What to use rotisserie for besides chickens?

The house we are renting has a Miele oven with a double rotisserie. After years working on perfecting my roast chicken, now I can be totally lazy and have perfection to show for it. Love it. Now I want to branch out. Any suggestions for what else to do with this toy?

  1. alkapal Mar 11, 2010 05:03 AM

    seekh kabob! http://littleindiachicago.com/catalog/images/chicken_seekh_kabab.jpg
    http://www.angelfire.com/country/fauz...

    gyros!

    2 Replies
    1. re: alkapal
      b
      beany Mar 11, 2010 01:15 PM

      Have you tried this recipe?

      1. re: beany
        alkapal Mar 11, 2010 01:26 PM

        not this particular one, but it looks about right. i usually just mix and match according to my mood. i might add some ginger and leave out some of the cardamom pods.

    2. j
      Joebob Mar 10, 2010 04:44 PM

      Boneless pork loin. Keeps it moist.

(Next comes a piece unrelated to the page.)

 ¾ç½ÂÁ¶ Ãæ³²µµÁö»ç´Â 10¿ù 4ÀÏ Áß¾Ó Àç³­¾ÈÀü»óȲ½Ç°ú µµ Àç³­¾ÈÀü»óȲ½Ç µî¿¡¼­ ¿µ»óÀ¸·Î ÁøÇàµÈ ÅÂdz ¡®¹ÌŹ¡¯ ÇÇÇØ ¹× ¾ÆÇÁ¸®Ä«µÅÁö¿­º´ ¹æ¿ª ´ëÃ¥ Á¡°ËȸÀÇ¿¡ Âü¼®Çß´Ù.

      1. ladyberd Mar 10, 2010 10:13 AM

        Leg of lamb - comes out delicious!

        Good luck!
        Ladyberd
        http://ladyberds-kitchen.blogspot.com

        1. Cherylptw Mar 10, 2010 08:15 AM

          Turkey, duck, cornish game hens, large pieces of beef and pork...you can thread peppers and roast them and why not try roasting potatoes and whole onions?

          1 Reply
          1. re: Cherylptw
            JerryMe Mar 10, 2010 08:26 AM

            We use ours for beef and pork too. They come out great!

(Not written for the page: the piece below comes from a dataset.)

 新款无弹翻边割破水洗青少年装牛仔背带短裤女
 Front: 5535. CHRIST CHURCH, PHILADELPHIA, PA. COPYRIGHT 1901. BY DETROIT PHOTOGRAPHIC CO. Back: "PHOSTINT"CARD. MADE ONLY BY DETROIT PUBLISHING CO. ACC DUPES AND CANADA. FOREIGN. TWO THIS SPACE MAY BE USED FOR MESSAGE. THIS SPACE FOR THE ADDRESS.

            Have not tried the fowl yet, though.

          2. itaunas Mar 10, 2010 08:10 AM

            If you have a good hood, roast your own coffee. It will require some investment in a roasting drum setup from ebay and you will need to deal with cooling the beans, but by paying $5-6/lb for good green coffee it can pay off before the lease is up. That said, it still might be a better idea to buy a box store rotisserie for the coffee -- readily available drum attachments, in warm weather you can roast outside, no chaff in your home oven, it would go with you, etc.

            1. m
              mmalmad Mar 10, 2010 07:27 AM

              DUCK!

              1 Reply
              1. re: mmalmad
                BobB Mar 11, 2010 12:18 PM

                Yes, duck is pretty much all I use my ancient (inherited from my grandmother) rotisserie for. But if you're not accustomed to cooking duck, be aware that it will render off a LOT of fat during the cooking process. This is a good thing, as that duck fat, if clarified, will keep for a year in the fridge and is the best medium in the world for frying potatoes and other sauteing jobs. And much more healthful than you'd think.

                Be sure to prick the skin of the duck thoroughly all over before (and some during) the roasting process, being careful not to go through the fat into the meat. Poking it with the sharp tines of a carving fork held almost parallel to the surface of the bird is a good way to do that.